Question

The sample of monoatomic gas undergoes a process as represented by$T–V$ graph (if ${\mathrm{P}}_0{\mathrm{V}}_0=\frac{1}{3}{\mathrm{RT}}_0$) then:

$$\begin{gathered} \left(\mathrm{P}\right){\mathrm{W}}_{1->2}=\frac{1}{3}{\mathrm{RT}}_0\ln 2 \\ \left(\mathrm{Q}\right){\mathrm{Q}}_{1->2->3}=\frac{1}{6}{\mathrm{RT}}_0(2\ln (2)+3) \\ \left(\mathrm{R}\right){\mathrm{U}}_{1->2}=0 \\ \left(\mathrm{S}\right){\mathrm{W}}_{1->2->3}=\frac{{\mathrm{RT}}_0}{3}\ln 2 \end{gathered}$$

Which of the following options are correct?

• A. $\mathrm{P},\mathrm{Q}$ are incorrect
• B. $\mathrm{R},\mathrm{S}$ are incorrect
• C. $\mathrm{P},\mathrm{Q},\mathrm{S}$ are incorrect
• D. None of these

Answer 1

The correct option is D

None of these

Step 1: Given Data

$$\begin{gathered} \mathrm{f}=\frac{3}{2}\mathrm{R} \\ \mathrm{n}=\frac{1}{3} \end{gathered}$$

Where, $f$is the ratio of specific heats.

$n$ is the number of moles

$$\begin{gathered} \left(\mathrm{P}\right){\mathrm{W}}_{1->2}=\frac{1}{3}{\mathrm{RT}}_0\ln 2 \\ \left(\mathrm{Q}\right){\mathrm{Q}}_{1->2->3}=\frac{1}{6}{\mathrm{RT}}_0(2\ln (2)+3) \\ \left(\mathrm{R}\right){\mathrm{U}}_{1->2}=0 \\ \left(\mathrm{S}\right){\mathrm{W}}_{1->2->3}=\frac{{\mathrm{RT}}_0}{3}\ln 2 \end{gathered}$$

$R$ is the real gas constant

$U$is the internal energy

$W$ is work done by the system

$Q$ is the heat added to the system

$T_0$ is the temperature of the source of heat.

Step 2: Process: P Work done from process 1 to 2

$$\begin{gathered} {\mathrm{W}}_{1-2}={\mathrm{nRT}}_{\mathrm{o}}\ln 2 \\ {\mathrm{W}}_{1-2}=\frac{1}{3}{\mathrm{RT}}_{\mathrm{o}}\ln 2 \end{gathered}$$

$T_0$ is the temperature of the source of heat.

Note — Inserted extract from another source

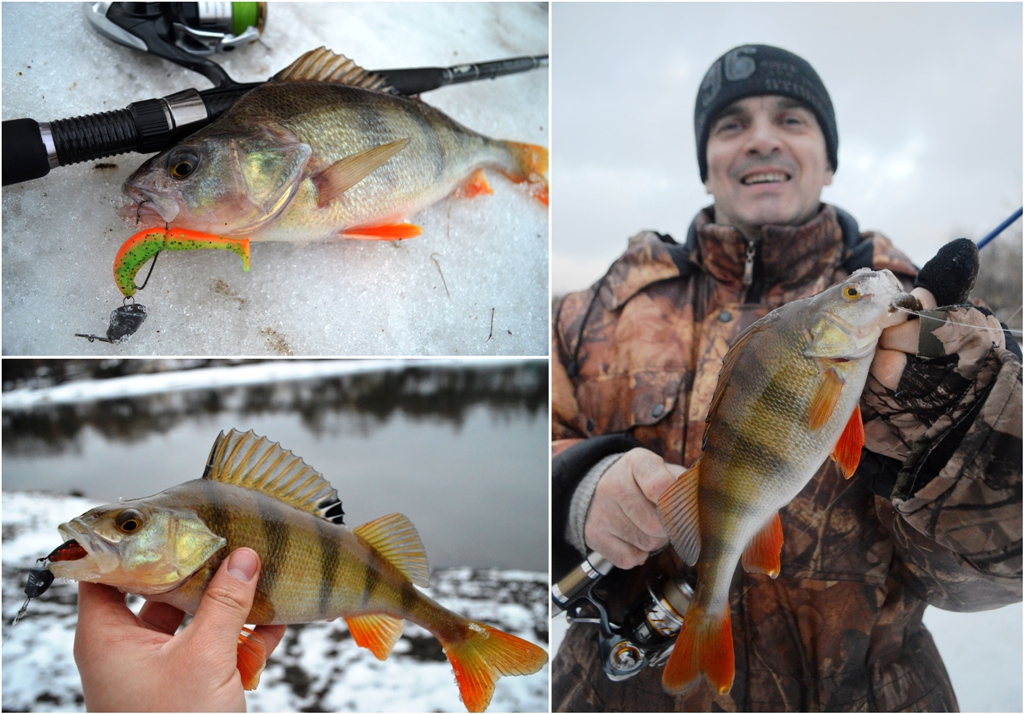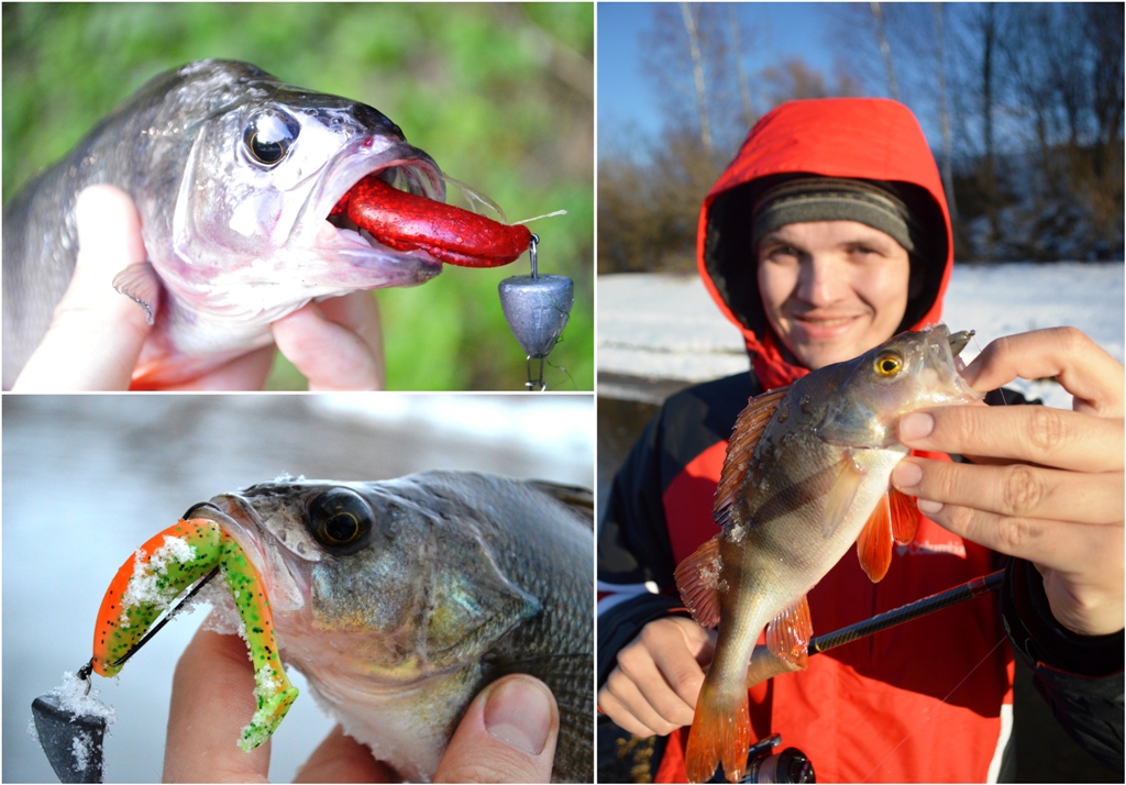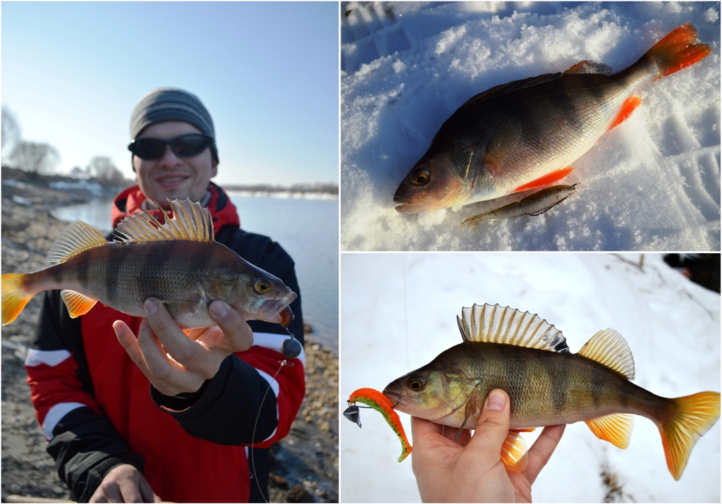 Помню в первую свою рыбалку со 153-м One'Up Shad'ом в конце января 2017 года. Приехали мы на речку без большой надежды на успех. Началось все с дальних забросов и тяжелых (для меня) грузов, ведь нужен был дальний заброс. Забросе на третьем первая поклевка и Sawamura приносит мне симпатичного окуня, он не смог устоять перед огненной новинкой.

$R$ is the real gas constant

$W_{1->2}$ is the work done from process 1 to 2.

Step 3: Process: Q

Total heat change from process 1 to 2 to 3

$$\begin{gathered} {\mathrm{Q}}_{1\to 2\to 3}={\mathrm{Q}}_{1\to 2}+{\mathrm{Q}}_{2\to 3} \\ {\mathrm{Q}}_{1\to 2\to 3}=d{\mathrm{W}}_{1\to 2}+{\mathrm{dU}}_{2\to 3} \\ {\mathrm{Q}}_{1\to 2\to 3}=\frac{R{T}_o}{3}\ln 2+n\frac{f}{2}R{T}_o \\ {\mathrm{Q}}_{1\to 2\to 3}=\frac{R{T}_o}{3}\ln 2+\frac{1}{3}\times \frac{3}{2}R{T}_o \\ {\mathrm{Q}}_{1\to 2\to 3}=\frac{1}{3}R{T}_o\ln 2+\frac{1}{2}R{T}_o \\ {\mathrm{Q}}_{1\to 2\to 3}=R{T}_o\left(\frac{1}{3}\ln 2+\frac{1}{2}\right) \end{gathered}$$

Step 4: Process: R

The process from1 to 2 is an isothermal process and therefore the change in internal energy is zero.

Step 5: Process: S

${\mathrm{W}}_{1-2-3}=\left(\frac{1}{3}\right){\mathrm{RT}}_{\mathrm{o}}\ln 2$

Therefore, the conditions for the processes P, R, and S provided in the question are correct and process Q is incorrect.

Therefore, the correct option is (D).